Still finding space to include live favourites “Poet Boy”, “A Working Class Lad”, and “I’m A Man”, this isn’t simply a collection of grungy guitar driven singles, backed up with album filler tracks. It’s great to hear a polished “Crude Oil Water”, which now sounds even better than the original version, with pounding early Killing Joke drums, vocally crisper and more brutal, with Dom Corry’s innovative guitar work pulling the song this way and that, like cats in a sack.
However, the strength of this album lies in the newer material, which shows just how they’ve developed. “In The Belly Of The Beast” is a case in point. This is multidimensional, allowing Dom simply to shred the ears of the listener, whilst Ben delivers what I consider to be his best vocal so far. I love the harmonised double tracked vocals on this. It demands to be instantly replayed. They even find time for a come down ballad in “Everything Will Be Alright,” showing Ben to be more than a just a bar room screamer.
“Disdain Gain” wouldn’t sound out of place at next year’s Download Festival. I can already picture Dom, one foot on the monitor, surveying the sight in front of him, a sea of hair and devil horns as far as the eye can see!
This album is going to surprise a lot of people, especially those who might have already them pigeonholed or written off as being Idles/Nirvana wannabes. It’s even going to surprise a few fans, who won’t have heard the new songs yet!

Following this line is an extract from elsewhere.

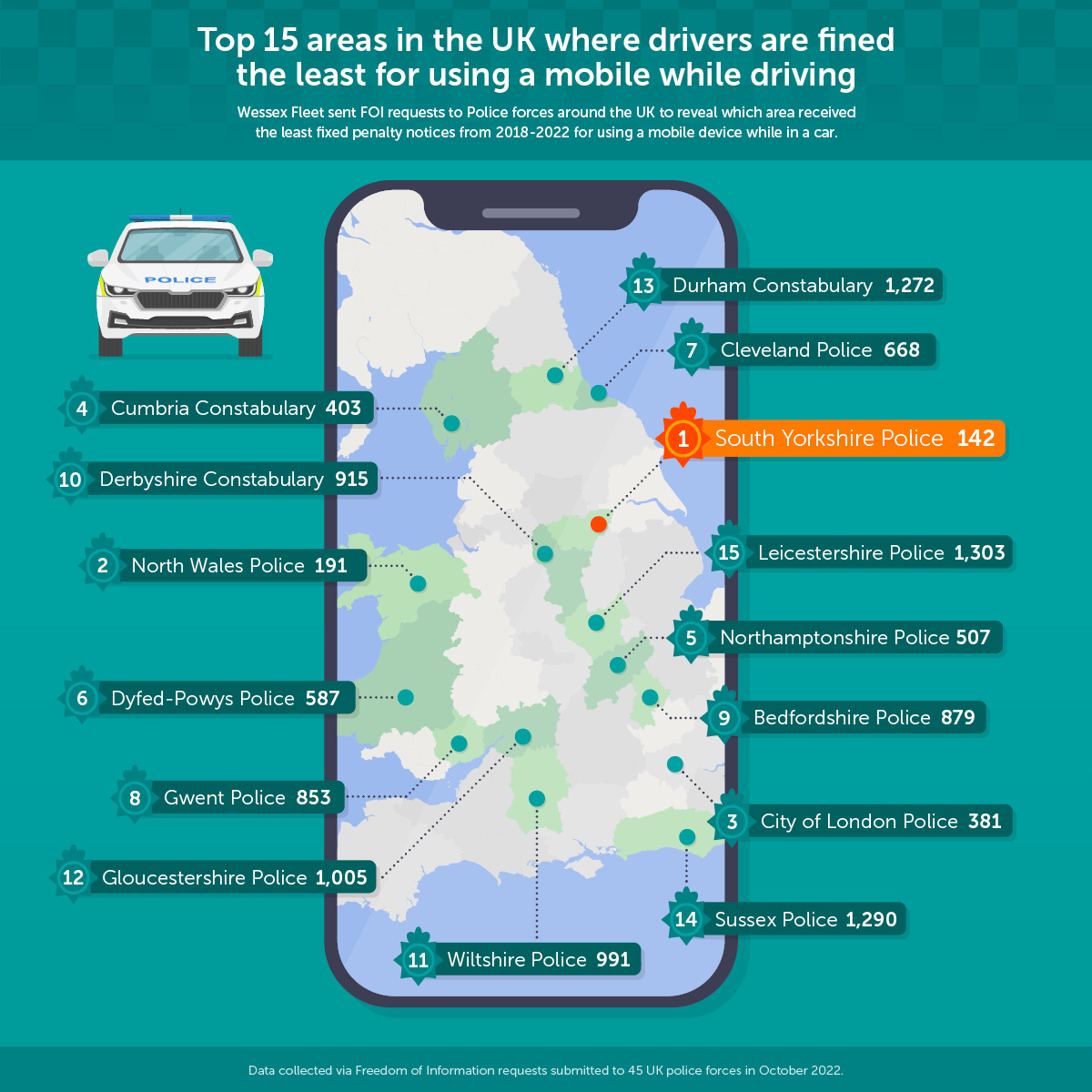 Wessex Fleet sent Freedom of Information requests to all 45 police forces in the UK to ask for data on how many drivers have been caught using a mobile device while driving in their area since the beginning of 2018.

I’m always slightly nervous of reviewing music by people I know. Can you be honest and true in the words you choose, so as not to upset them? Or do you pull no punches and let them have both barrels in the spirit of grounding and constructive criticism? If I called this album good, then I could simply close the laptop, knowing that the world would still keep spinning. But it’s not just “good”, it’s shit, THE shit. The GOOD shit that attracts flies like nonces to school sports day. Brutal, yet beautiful. Erotic but pornographic. The world won’t simply keep spinning after this, unharmed and balanced. No, this will knock it several degrees off its axis, out of kilter and eventually altering the time/space continuum, making days longer. That would be a good thing though, more hours in the day to listen to The Battery Farm. Lads you’ve set the bar high for your debut. I’m already hotly anticipating the second!
FLIES is out Fri 18th November on Rare Vitamin Records. They play a Sold Out show at 33 Oldham Street, Manchester the following night. Catch them at Gorilla on Fri 16th Dec supporting Evil Blizzard.